Lucy’s disappearance exacerbates Wendy’s desperation, as she struggles to track down the dog while having no car, phone or place to live. Wendy’s attachment to Lucy, and her guilt over the pet’s disappearance, help cultivate our sympathies for a character who otherwise keeps an emotional remove. The script doesn’t explain how she entered such dire straits. Reichardt and Williams embrace a kind of working-class American minimalism – clearly inspired by the Italian neo-realists – that keeps us from getting inside Wendy’s head in a conventional, Hollywood way.
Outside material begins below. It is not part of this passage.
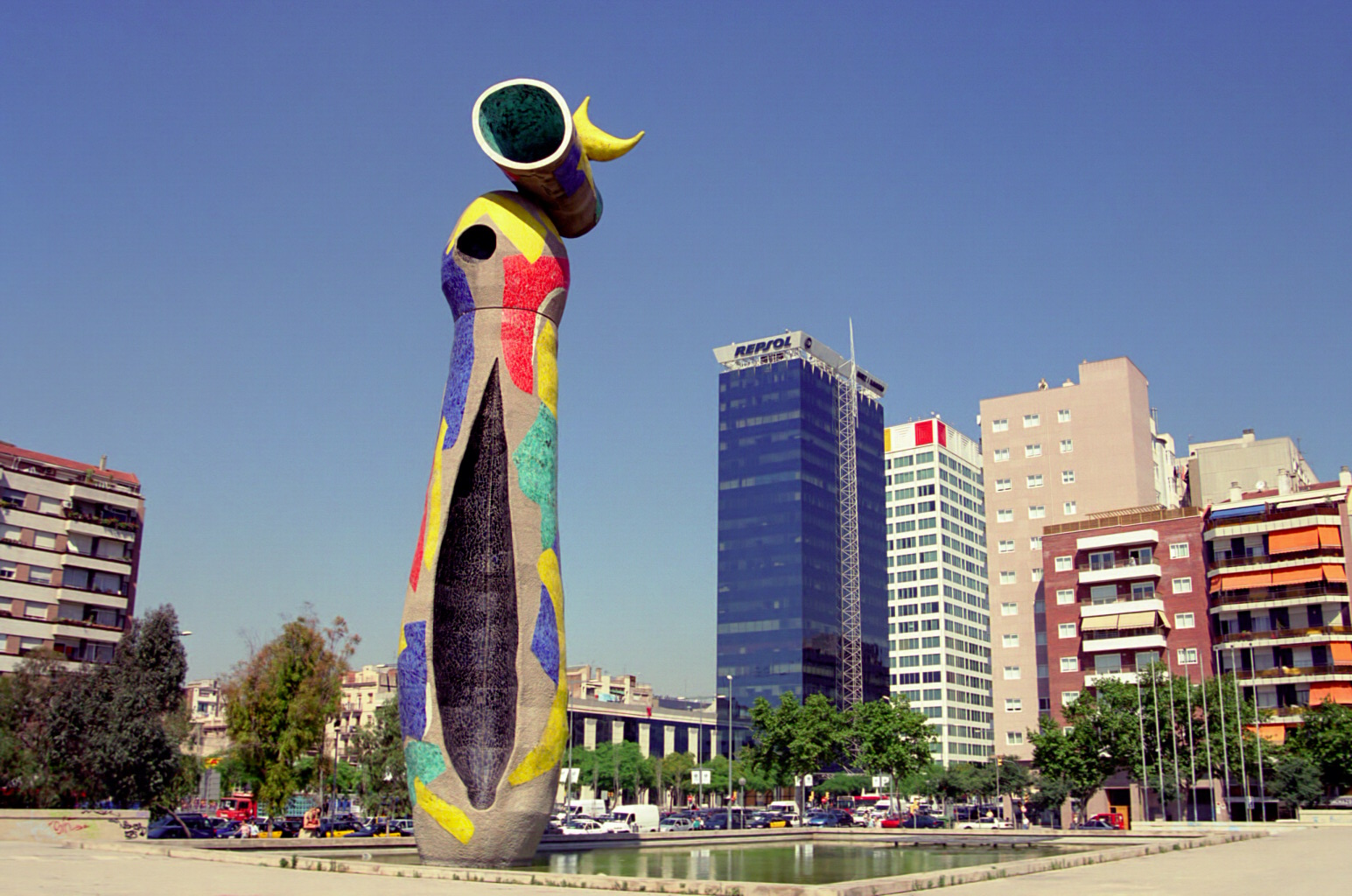 Parc Joan Miro, in Barcelona

Wendy encounters some overt nastiness, particularly from a Junior Fascist grocery store clerk who sneers, “If she can’t afford dog food, she shouldn’t have a dog” – words that are no less heartless for being partially true. Williams subtly conveys how Wendy clearly hates relying on the kindness of strangers, but finds an ally in an aging security guard (Wally Dalton). In one of the rare scenes of extended conversation, they talk about the paradox of being poor, and how you can’t get a job without an address, and can’t get an address without a job.

Wendy and Lucy could be marketed as a kind of economic horror movie, one that dares yuppies to witness the nightmare scenarios of taking the bus, sleeping outdoors, washing in Kwik-E-Mart bathrooms and worse. It couldn’t happen to you ... or could it?